У Болдта опустились руки. Восемьдесят пять процентов поджигателей избегают уголовной ответственности.
– Мне не нравятся такие цифры, – признался он.
Пытаясь немного приободрить его, она заявила оптимистичным тоном:
– Кусочек зеленого пластика имеет для него символическое значение. Хотя мы не знаем, что это за символ, так что остается только гадать.
– Если это важно, можно попробовать установить.
Она спросила:
– Ты не думал о том, чтобы отдать пластмассу на анализ и попытаться понять, чем она была до того, как ее расплавили?
– Интересная мысль, – вынужден был согласиться он.
– Это очень поможет мне.
– А как насчет пожарника? – задал Болдт вопрос, по его мнению, очевидный.
– Почти в самом верху нашего списка, – ответила Дафна. – Уволенный пожарник. Кто-то, кого отверг департамент. Уволенный человек. Или тот, кому отказали в повышении. – Она пояснила свою мысль: – Это объясняет, почему он прислал записку, но убийство Дороти Энрайт остается загадкой. Зачем убивать невинную жертву, если ты кипишь злобой? Ты бы убил пожарника или пожарного инспектора, правильно?
Болдт молча кивнул головой. Он расслышал это в тоне ее голоса, в словах: дело было не в Дороти Энрайт, оно оказалось куда сложнее, чем кто-либо мог себе представить.
– Нам нужна связь, – сказала Дафна. – Искра, если хочешь. Мотив. Это может быть что-нибудь эклектическое, например архитектура дома. Это может быть связано непосредственно с Дороти Энрайт или со Стивеном Гарманом.
Болдт почувствовал, как у него пересохло в горле, а в живот словно всадили нож. Он не хотел задавать психологу очередной вопрос, потому что боялся услышать ответ. Тем не менее, спросить следовало.
– Будет продолжение, так?
Она встретилась с ним взглядом, в ее глазах было участие.

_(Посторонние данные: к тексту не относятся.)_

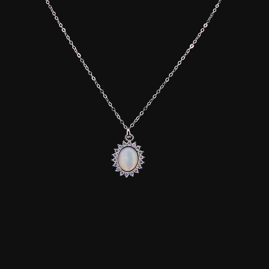 Zylver Opal and Zircon Sunburst Necklace for Women - Sterling Silver Collection
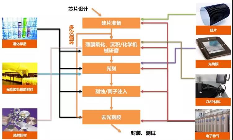 圖表2 芯片制造工序各單項工藝均配套相應材料
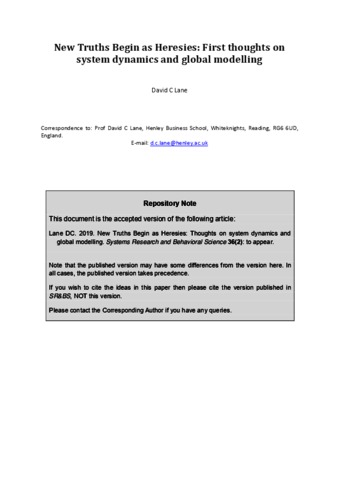 Lane, D. orcid id iconORCID: https://orcid.org/0000-0001-6658-7041 (2019) New truths begin as heresies: first thoughts on system dynamics and global modelling. Systems Research and Behavioral Science, 36 (2). pp. 233-243. ISSN 1099-1743 doi: 10.1002/sres.2585
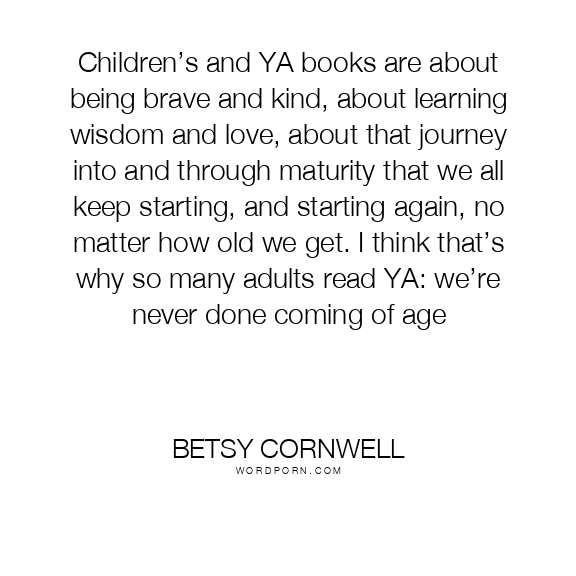 Children’s and YA books are about being brave and kind, about learning wisdom and love, about that journey into and through maturity that we all keep starting, and starting again, no matter how old we get. I think that’s why so many adults read YA: we’re never done coming of age
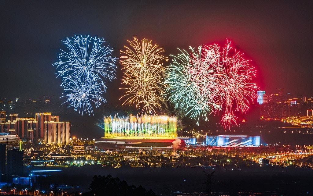 △2023年7月18日,成都大運(yùn)會(huì)開(kāi)幕式第一次帶焰火彩排。
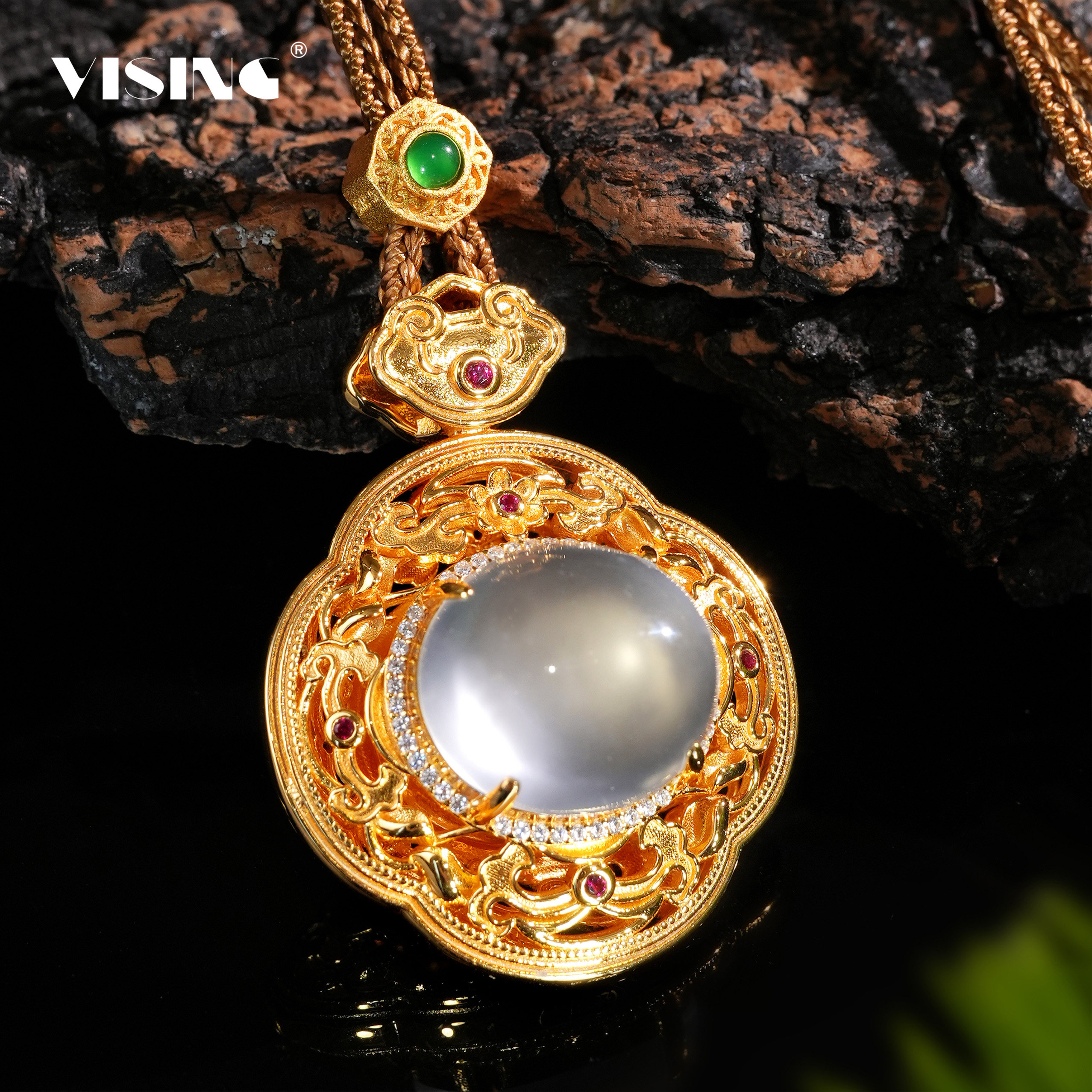 VISING天然水沫玉鸽子蛋吊坠项链毛衣链国风卷草纹设计金色S925银
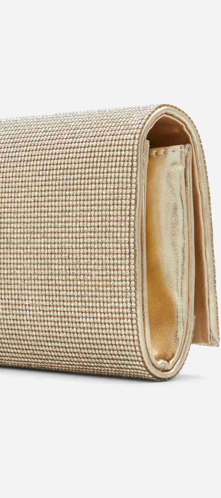 You'll dazzle in this rhinestone-clad clutch! Plus you can go hands-free thanks to the removable chain strap.
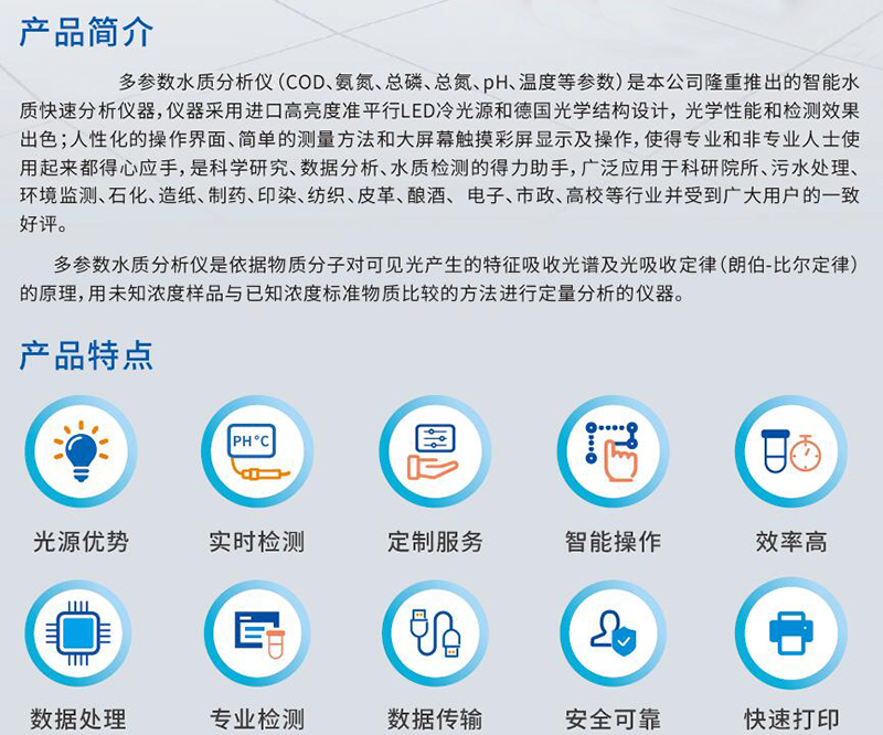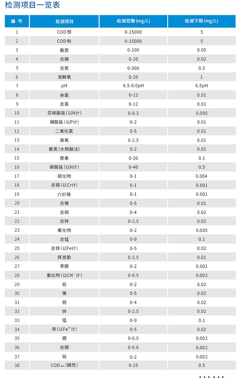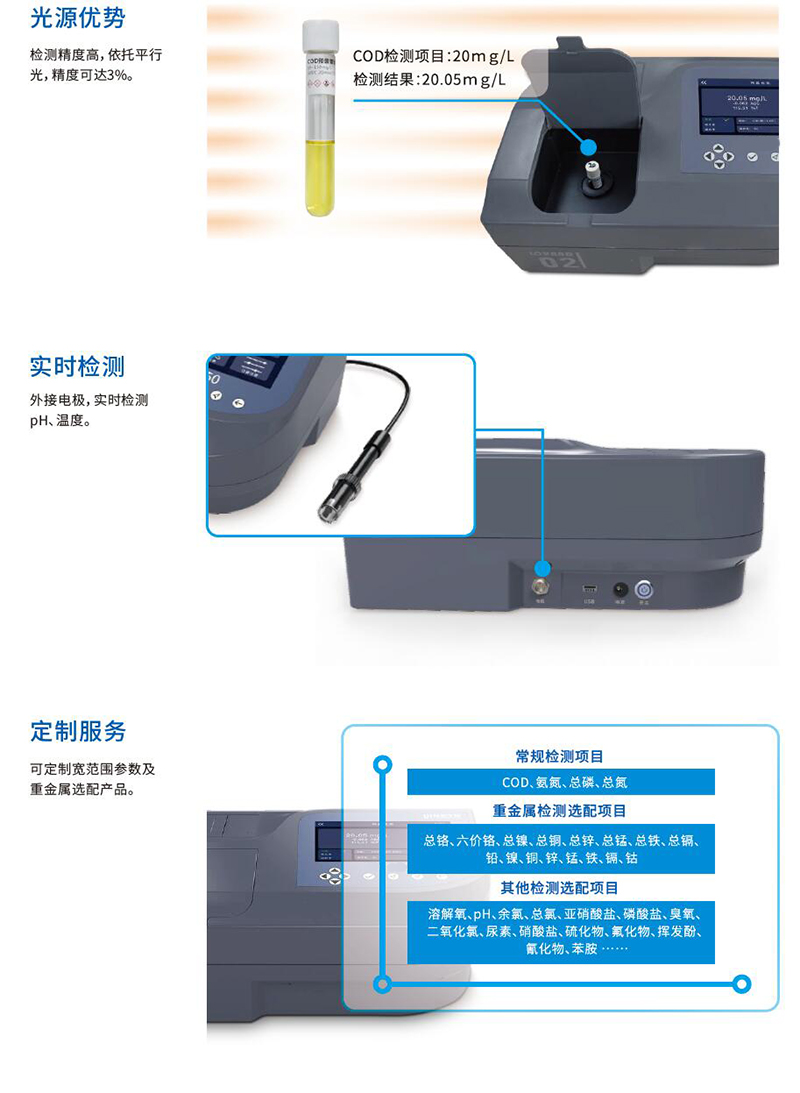 COD:0.00~370mg/L 溶解氧:0~20mg/L 氨氮0~100mg/L
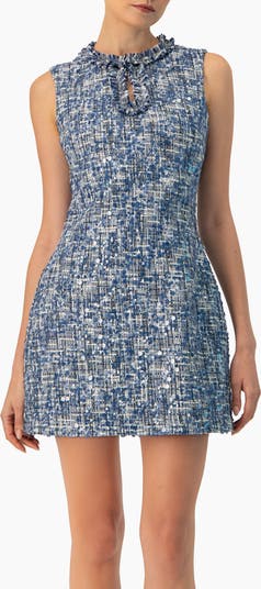 This short A-line boucle with sequins dress features a round neckline and a keyhole detail, offering a stylish and comfortable fit.
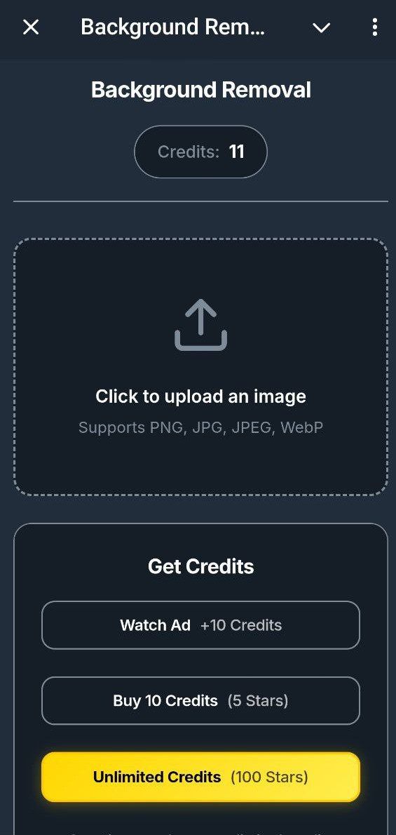 Простое удаление фона AI в Telegram. Удалите BG в 1 клик, полная история, конфиденциальность прежде всего. PNG, JPG, JPEG, WebP.
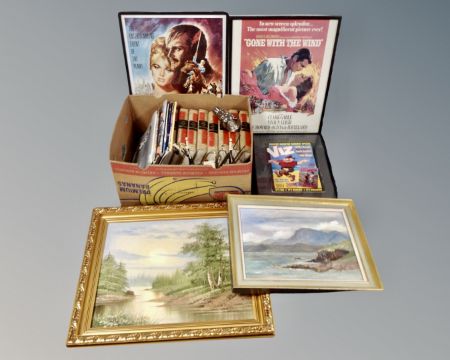 A box containing The Beatles magazines, encyclopedias, a model of a fishing trawler, oil paintings, framed Dr. Zhivago and Gone with the Wind film posters.
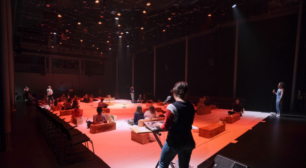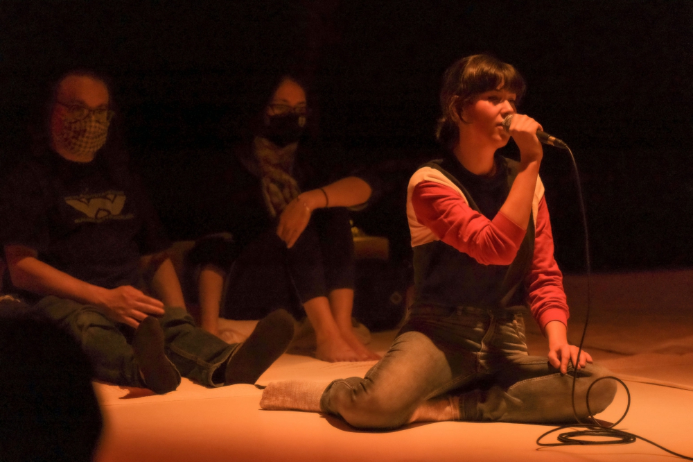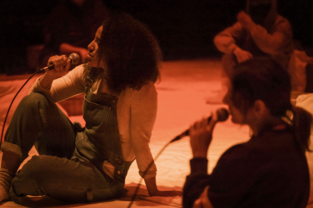 Nous nous installons alors à même le sol ou sur une des chaises qui ceignent l’espace de représentation. Mais « représentation » n’est peut-être pas le bon terme – les premières paroles du spectacle, d’ailleurs, nous le signalent : « Ici commence la représentation. [Souffle]. Temps. Ici finit la représentation ». Par l’abolition de la représentation et de la distance entre le spectateur et l’acteur, une relation d’horizontalité se tisse entre les gens présents dans la salle, instillant en nous un sentiment de partage, voire de communion. Les interprètes, qui se promènent parmi le public (on se laisse particulièrement atteindre par la présence magnétique d’Émilie Monnet), nous transportent dans les mythologies anciennes et récentes, qui nous sont tantôt chantées, tantôt racontées. Le rythme est juste assez lent pour permettre aux paroles de se déposer en nous et laisser éclore le germe d’une question.
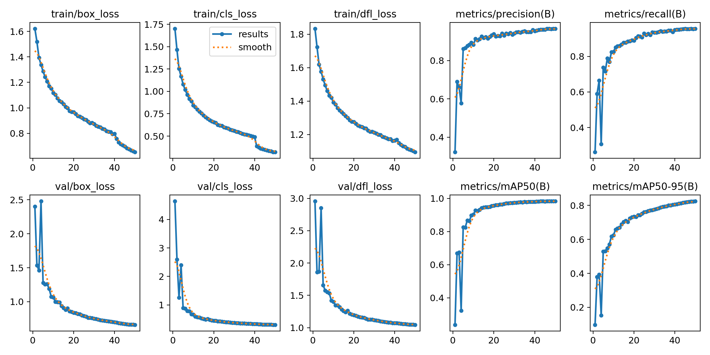 This section highlights the core metrics used to evaluate the model’s performance, including precision, recall, and mAP scores. It also features evaluation charts and inference outputs that demonstrate how the model performs across various conditions.
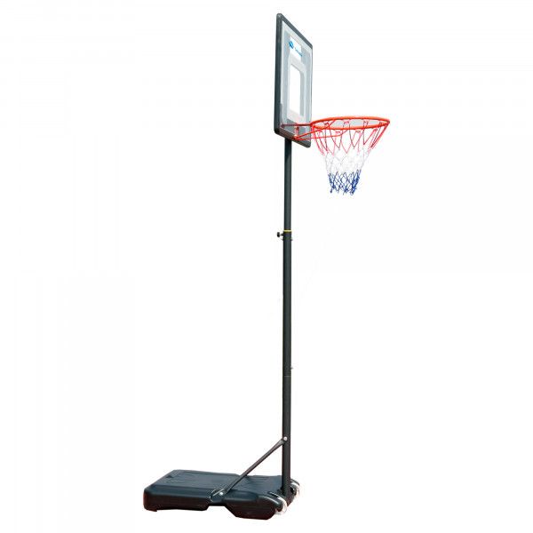 Имеет устойчивую конструкцию и усиленное металлическое кольцо для активной игры. Емкость основания заполняется 35 кг воды или песка. Встроенные в основание транспортировочные колеса облегчают транспортировку.
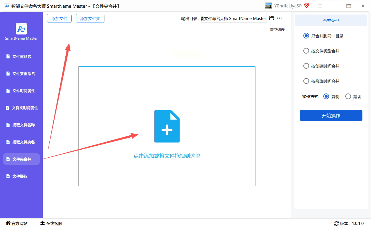 2. 左边点“上传文件夹”,把要合并的文件夹一个个拖进去,右边选合并类型,建议选“合并到同一目录”;
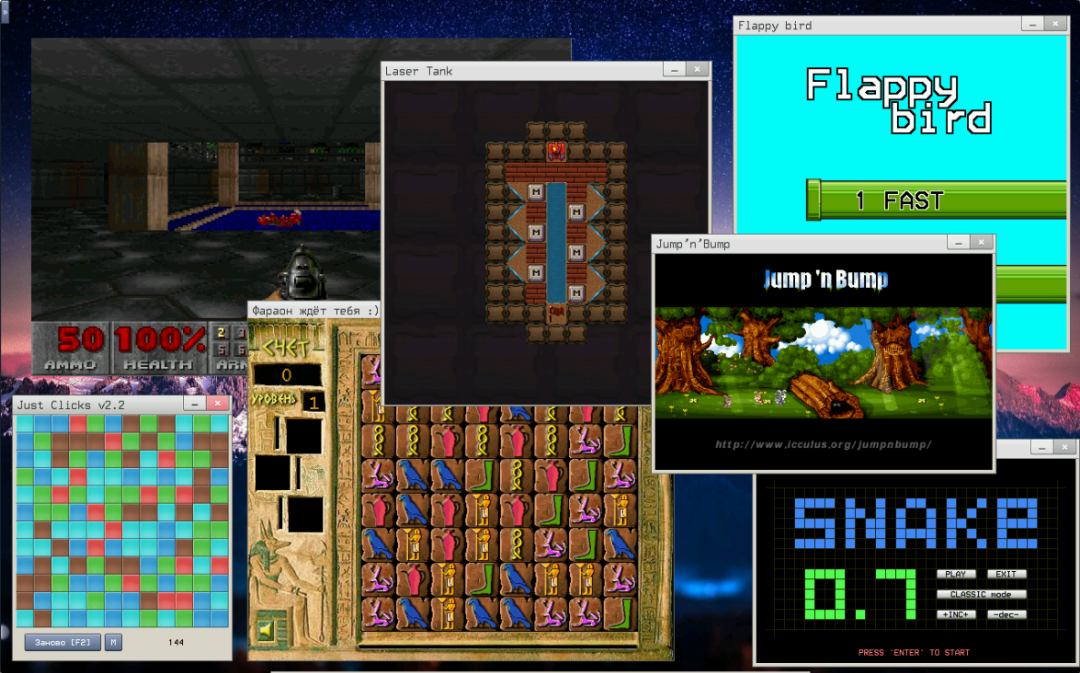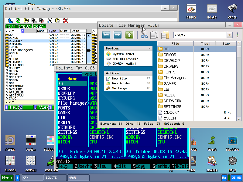 应用程序包含文件管理器、文本编辑器、图像查看器、简单网页浏览器、媒体播放器及超过 30 款游戏(如 Doom、Quake 的精简版)。

– В записке сказано: Начало – половина дела. – И она задала риторический вопрос: – Итак, что будет дальше?
Глава шестая
Ничего не изменилось. Если Бену и было на что пожаловаться, так только на это. Он чувствовал, что не в силах изменить положение вещей самостоятельно, и, предоставленное взрослым, оно оставалось практически тем же самым. Школа была школой; дом – домом. Он ощущал давление со стороны Эмили, которая хотела, чтобы он дал социальным работникам доказательства, в которых они нуждались, но он не собирался сдаваться, так что в конце концов в создавшемся положении винил себя, и это причиняло ему боль.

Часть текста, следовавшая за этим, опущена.